Как березы набухнут — и сахаром треснет кора,
Затмевает глаза и трепещет опасная, узкая
Ножевая полоска — и гаснут в крови вечера.

Умолкает во мне водяное, небесное, зверево.
И уходит душа по болотам, полям и лесам.
Погулял я по свету — ночное и пьяное дерево,
И вернулся к своим одиноким забытым корням.

Спросят корни:
—Ты кто? Ваша личность темна и загадочна.
Становись и шуми — что надумал иль вспомнил о чем?
А о чем тут шуметь? Где ударился или прославился —
Все равно позабудет дремотный родительский дом.

Будто шилом меня ткнули в сердце — хватаюсь за музыку.
Нету воздуха тут или мне отказали в любви?
Это русская жизнь? Или — лезвие нежное узкое,
Что какая-тварь обмакнула в веселой крови?

От пришельцев с небес или белых грибов под рябиною
Засветилась земля, зашумела широкая Русь?
От пиратского дыма над трубкой вишневой старинною
Занялась наша слава и эта лазурная грусть?

Чтобы тризну сидеть или править веселые почести
По весне молодой, размагниченной, дикой, хмельной,
Обвалился я с неба на улицы темного общества,
Бесхлопотный, ничей, обаятельный и молодой.

Как разбили меня — и пошли по веселому кружеву,
Сапогами хрустя, по осколкам влюбленной души.
Но хватило убитому смеха презренья и мужества —
Неизвестным стрелком доползти по весенней межи.

Заревут тополя — и закапают мутные праздники.
И запахнет туманом апреля моя сторона.
И опять я лечу мотыльком — адмиралом и всадником,
И меня на ладони несет, как потешку, весна.

Снова желтые кости из почвы достанут историки.
И в музеи потащат, что раньше гуляло живьем.
Ах вы, пращуры-ящеры, милые бедные Йорики,
Кто вас вытащит завтра бульдозерным ржавым ковшом?

Я лежу на земле, воробьями и галками хоженый,
Я пугаю ворон отпечатками чьих-то сапог.
Я лежу белым облаком, по лбу житьем огорошенный.
Перекрученный тряпками черных и едких дорог.

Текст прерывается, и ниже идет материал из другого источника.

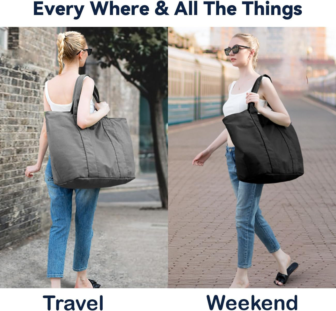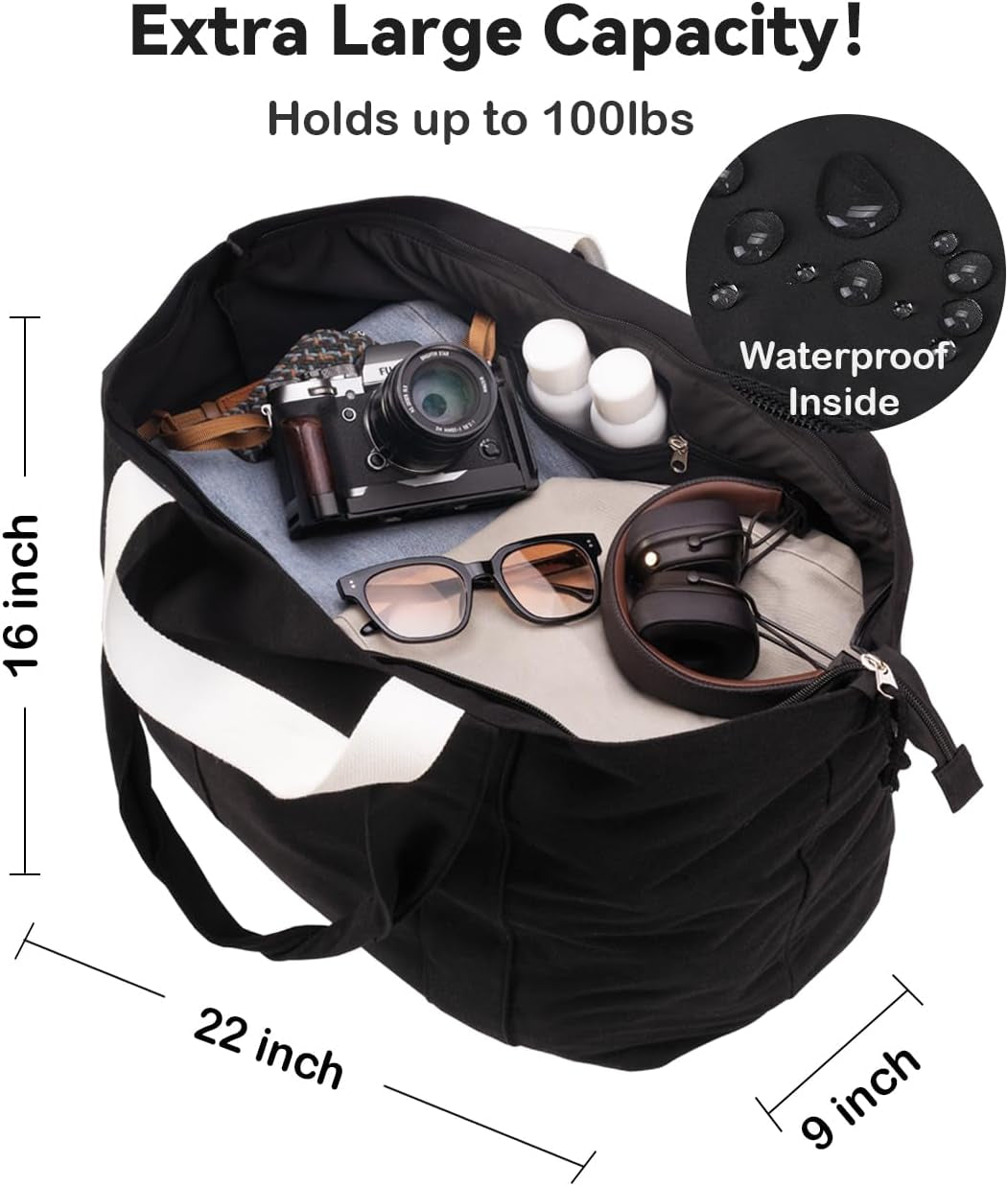 22'' 50L Large Canvas Bag, Extra Large Tote Bag for Women, Overnight Bags for Travel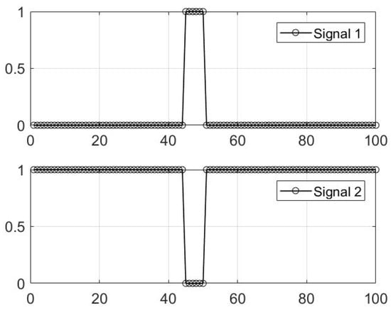 According to Figure 3, both signals have the same measure of . As we can see in this figure, Signal 1 is sparse, while Signal 2 is non-sparse. Therefore, the measure of total variation is not sufficient to promote sparse clustered pattern solutions. Let us also investigate how the measure of total variation is affected by forcing a specific component in these two signals, active and inactive. The original active locations of Signal 1 are 45:50 (with MATLAB notation). Now, if we set the 44th component in Signal 1 to become active, the measure of total variation does not change. Similarly, setting the 44th component on Signal 2 to zero does not change the measure of total variation. This suggests that we need to further modify our model to promote sparsity, as well. For this purpose, we incorporate a binomial distribution into our prior model for . This distribution contains the effect of the sparsifying hyperprior and the sum over all the support components of the support vector (for both active and inactive status of ). Referring back to the example illustrated in Figure 3, for Signal 1, the sum over the supports of the signal (the number of active components) is six, while this measure is 94 for Signal 2. Therefore, the solution with the lower value of summation over the supports is sparser and of more interest.

То ли это любовь? То ли это еще путешествие?
Расскажите, как мне, белизне, под ногами любить?
Еще тысячу раз повторится на землю пришествие,
Еще тысячу раз будут люди по сердцу ходить.

Наша жизнь не мила, ее тропки любовью не явлены.
Как протопчут — гляди, как черны по сырому снежку.
Кто спасался — и кем наши души по свету затравлены,
Все расскажут следы на коротком весеннем веку.

Я лежу широко, у стволов затекая заплатами.
Я лежу, как подкидыш, с глазами сухими, как лист.
Я, как снежный сугроб, весь испорот жестокими каплями,
И лоскутную грязь прижимаю к глазам, как батист.

Не на вас я глядел. Не на эти фиглярские цитрусы.
Думал жизнь убелить — да к себе притянула земля.
Ах, в каких тростниках был рожден я веселым папирусом!
Лучше б дети меня измарали, пиша кренделя.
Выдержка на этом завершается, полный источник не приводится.